A novel multi-anchored reinforcement method is introduced, offering improved stability and reduced bending moments in port infrastructure.

## Key findings

- Excavation depth strongly influences quay wall mechanical response, requiring phased excavation.
- Horizontal tie-rod spacing has low sensitivity, allowing cost-effective displacement control.
- The new system enhances stability by 34–41% and reduces bending moments by 71.9–77.3%.

## Abstract

To address the critical limitations of conventional parallel double-anchor support systems, including coplanar load imbalance, critical spacing risks, deviations from theoretical designs, and maintenance difficulties, this study proposes an innovative multi-anchored sheet pile reinforcement method. Centrifuge model tests incorporating digital image correlation (DIC) techniques were systematically conducted to investigate the anchoring mechanism of the novel system in port basin bulkhead reinforcement, with a particular emphasis on parameter optimization. The results indicate that the excavation depth predominantly governs the mechanical response of quay walls (sensitivity coefficient 2.3), necessitating phased excavation protocols for deformation control.
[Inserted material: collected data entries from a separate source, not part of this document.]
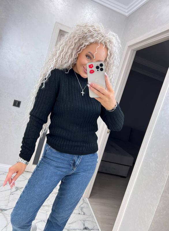 Светрик Модель 5046 Склад: 30% акрил; 70% вовна. Розмір 42-48 (універсальний) мод) На дотик дуже тоненький та приємний до тіла Кольори: пудра, молоко, чорний, сірий, шоколад Заміри виробу: Довжина светрика 60-65см. Довжина рукава 62-64 см. Обʼєм 44-50см.
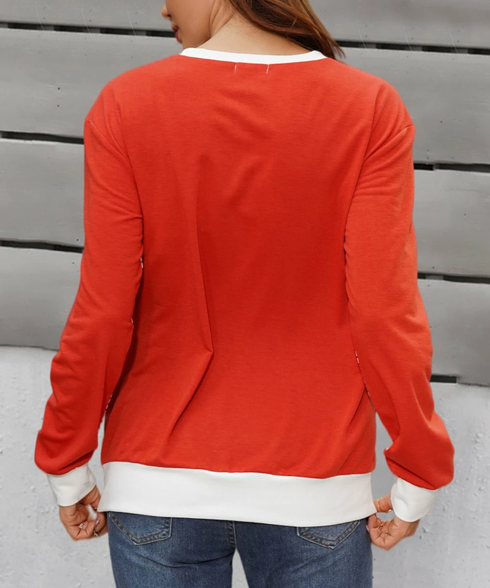 Spice up your ensemble with this long-sleeve top featuring a color-block design and thick banded cuffs.
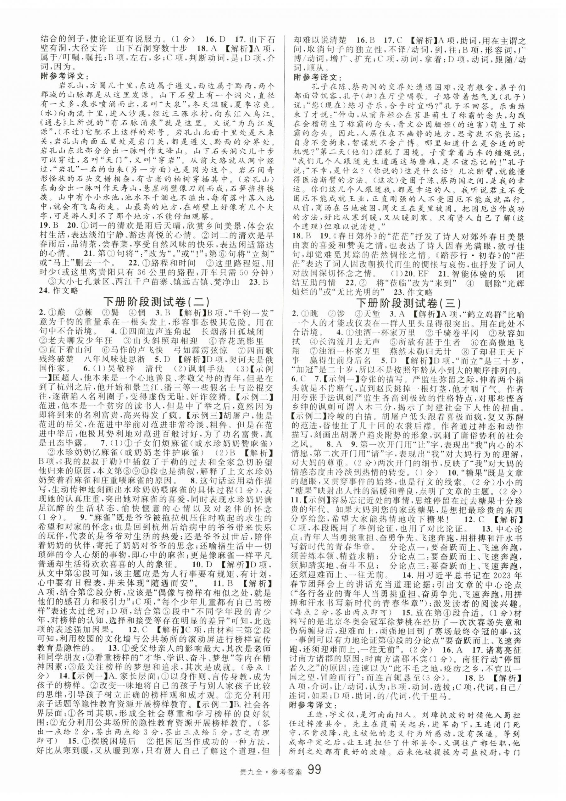 注:目前有些书本章节名称可能整理的还不是很完善,但都是按照顺序排列的,请同学们按照顺序仔细查找。练习册 2024年名校课堂九年级语文全一册人教版贵州专版 答案主要是用来给同学们做完题方便对答案用的,请勿直接抄袭。
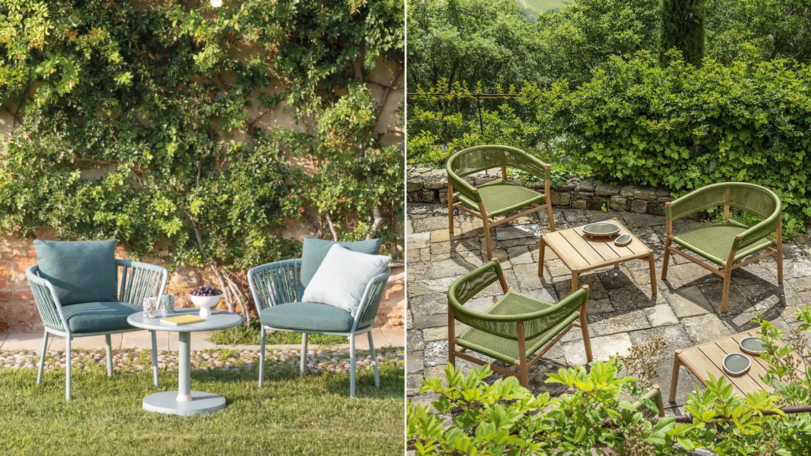 Material: Natural finish teak base frame, aluminium back frame, woven outdoor rope back panel.
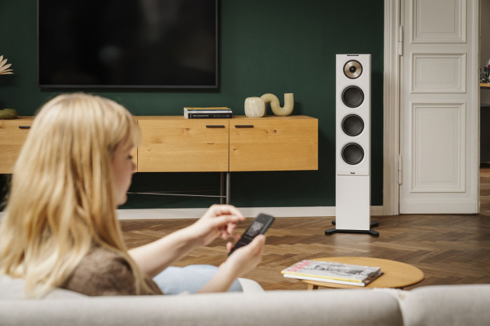 Jedną z opcji aplikacji Teufel Home jest możliwość konfiguracji, która kolumna jest prawa, a która lewa. Dzięki temu głośnik z panelem sterującym można dogodnie umiejscowić.
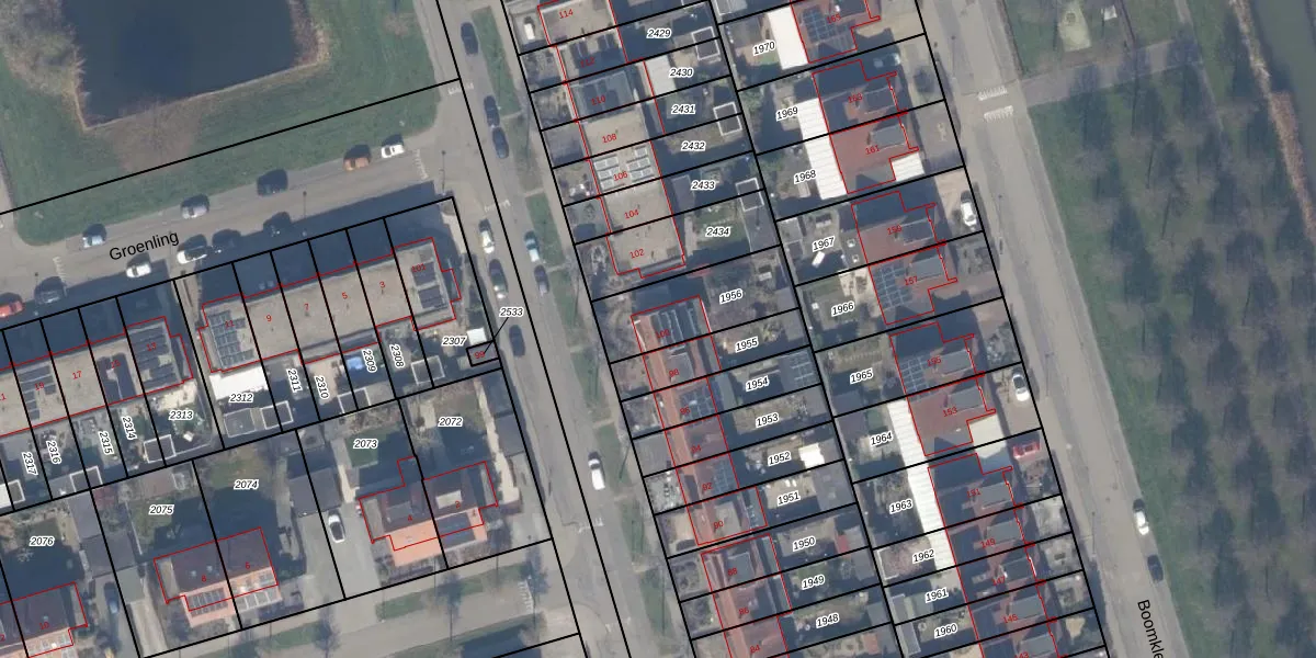 Gebruik de zoekbalk of klik op een perceel voor informatie over de adressen binnen dit perceel.
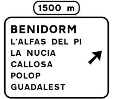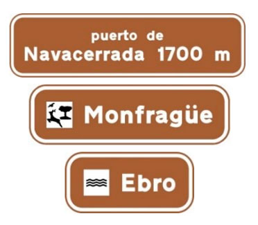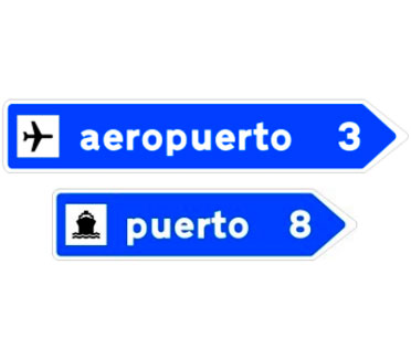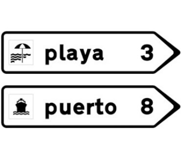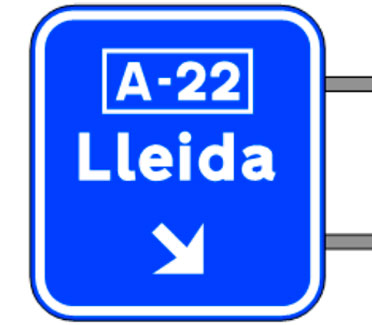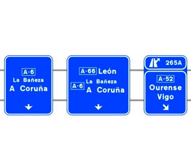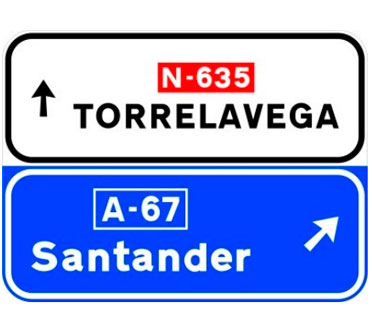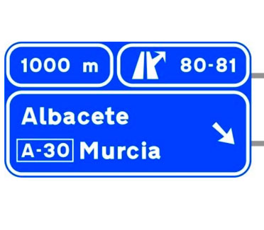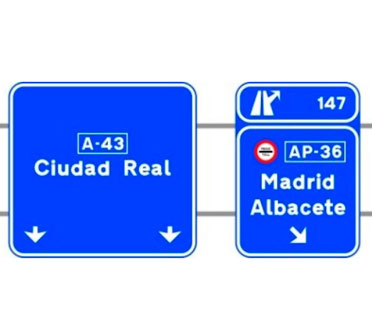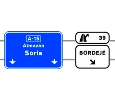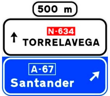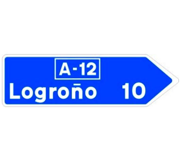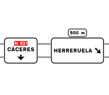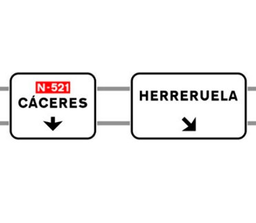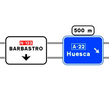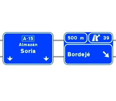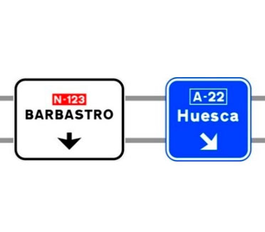 - Señales de preseñalización: Inclinadas (45º hacia arriba o abajo), colocadas junto al nombre del lugar indicado y de mayor tamaño.
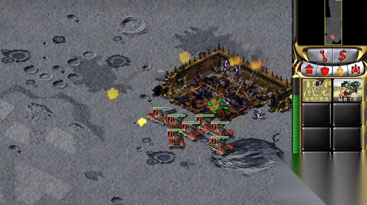 而小编认为的高光时刻就在此来临,战争进入了太空时代,与尤里在月球上建造基地一决胜负。其中也出现了许多全新的兵种单位,非常有趣。 结局就更具趣味性,被摧毁最后的基地之后,尤里并未被抓捕,并且找到了最后一台时光穿梭机,了解了时光穿梭的秘密,准备穿越改变历史。可苏俄阵营已经知晓了尤里这一计划,并且掌握了穿梭代码,使其穿越到恐龙时代的白垩纪。 在最后的画面中,迎接尤里的是一头饥肠辘辘的霸王龙~
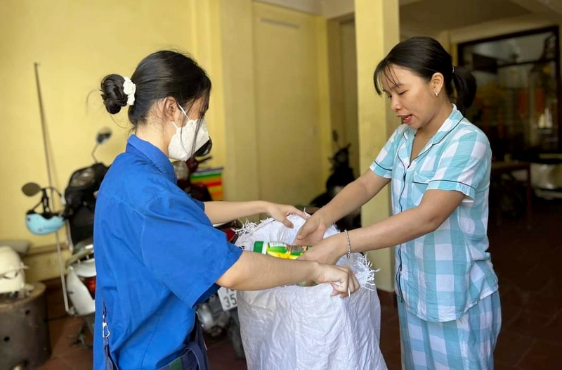Thanh niên đến từng hộ gia đình để tuyên truyền về phân loại rác tại nguồn
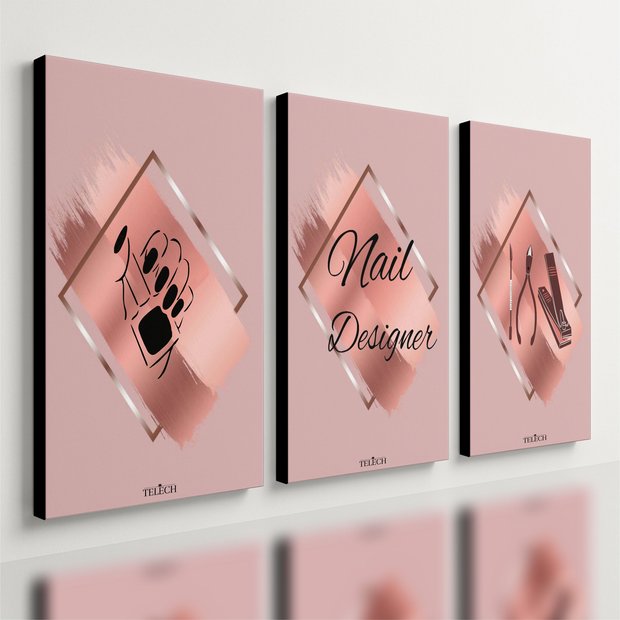 Kit 3 Quadro Decorativo Nair Designer Manicure Unhas Salão 28x20 colorido
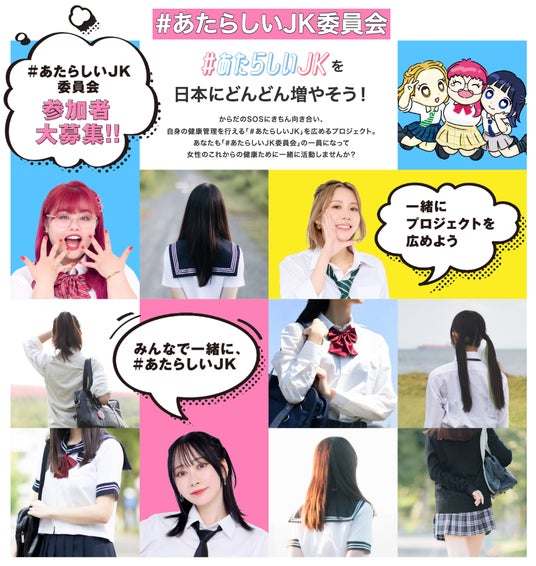 プロジェクトの理念を広く届けるために、公式生徒会「#あたらしいJK委員会」を新たに発足いたします。「#あたらしいJK委員会」は、プロジェクトに共感いただいた10代~20代の学生の皆さまがメンバーとなり、同世代のコミュニティに向けて女性のからだの不調に関する知識や、婦人科受診の大切さを発信していただく活動になります。また、「女性からだ推進大使」としても活動中のくれいじーまぐねっとと連携し、リアルな視点での発信やコラボ企画を通して、婦人科受診やからだのことをもっとオープンに話せる雰囲気づくりを目指します。
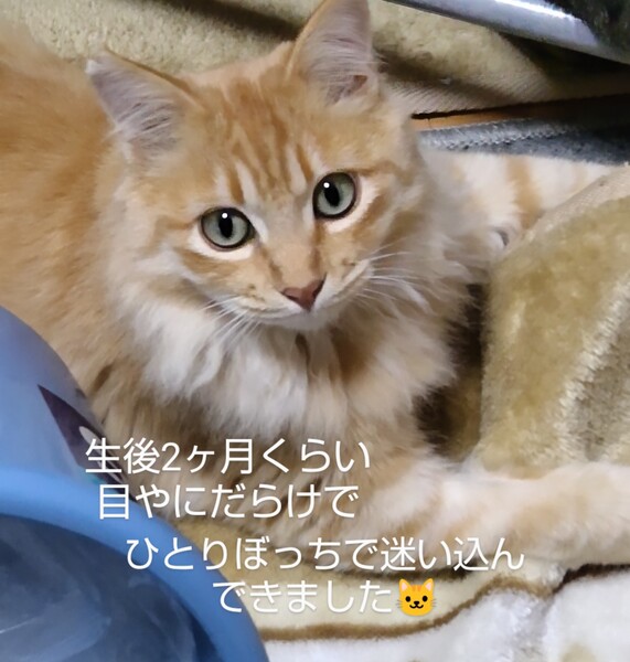 | 里親募集する理由 | 餌やりしていた地域ねこの中に生後2ヶ月くらいで迷い込み、住み着き、21年8月くらいに室内に保護しました。長毛なので、リリースは行きづらいし、やっと甘えられるようになったので。 | ||
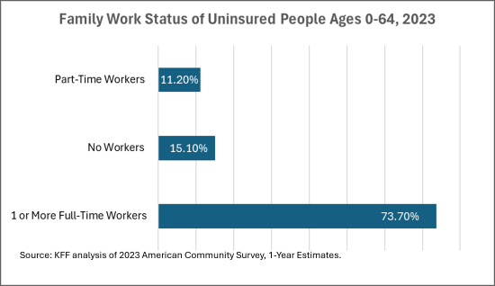 Most of the uninsured belong to families with at least full-time worker:
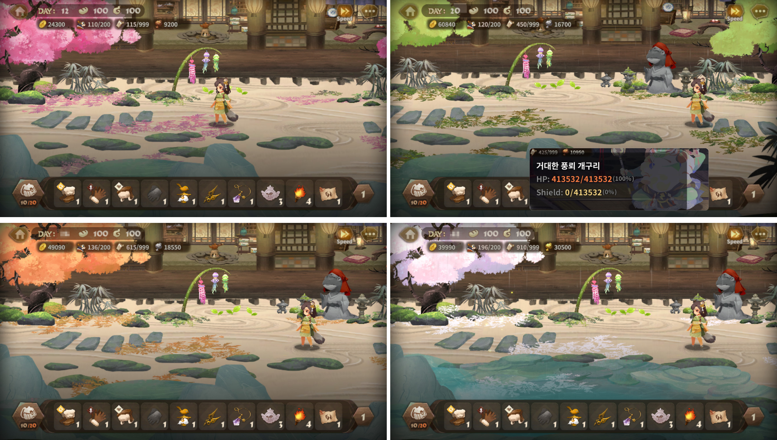 2. 노란색 마크가 뜨는 식당, 온천, 상점가, 연회장 등등을 순찰하며 (회색이라서 잘 안 보이는) 개구리 석상을 터치해서 이벤트를 본다. → 게임을 마치면 전투 발생 및 점주가 잠에서 깨어나는 이벤트 발생. 《사계절 춘천의 주인》에서, 여름의 [기묘한 석상 사건] 클리어.

In contrast, tie-rod horizontal spacing demonstrates low sensitivity (0.018), enabling displacement-controlled dynamic optimization to balance safety and cost-effectiveness. Further, strategic anchor rod installation restructures stress transmission paths, effectively suppressing the shear deformation of shallow soil. The synergistic interaction between prestress application and soil–anchor load transfer mechanisms induces potential migration of the slip surface toward reinforced zones, enhancing stability by 34–41% compared to conventional systems. The developed composite prestressed anchor system achieves a 71.9–77.3% reduction in sheet pile bending moments through stiffness enhancement–stress redistribution coupling effects, establishing a new paradigm for high-performance port infrastructure.

## Full-text entities

- **Diseases:** foundation pits (MESH:C536528), APS (MESH:D016884)
- **Chemicals:** APS (MESH:D000250), Vaseline (MESH:D010577), epoxy (MESH:D004853), aluminum (MESH:D000535), Steel (MESH:D013232), stainless steel (MESH:D013193), water (MESH:D014867), kaolin (MESH:D007616), DDD (MESH:D003632)
- **Cell lines:** SUS304 — Canis lupus familiaris (Dog), Spontaneously immortalized cell line (CVCL_WL70)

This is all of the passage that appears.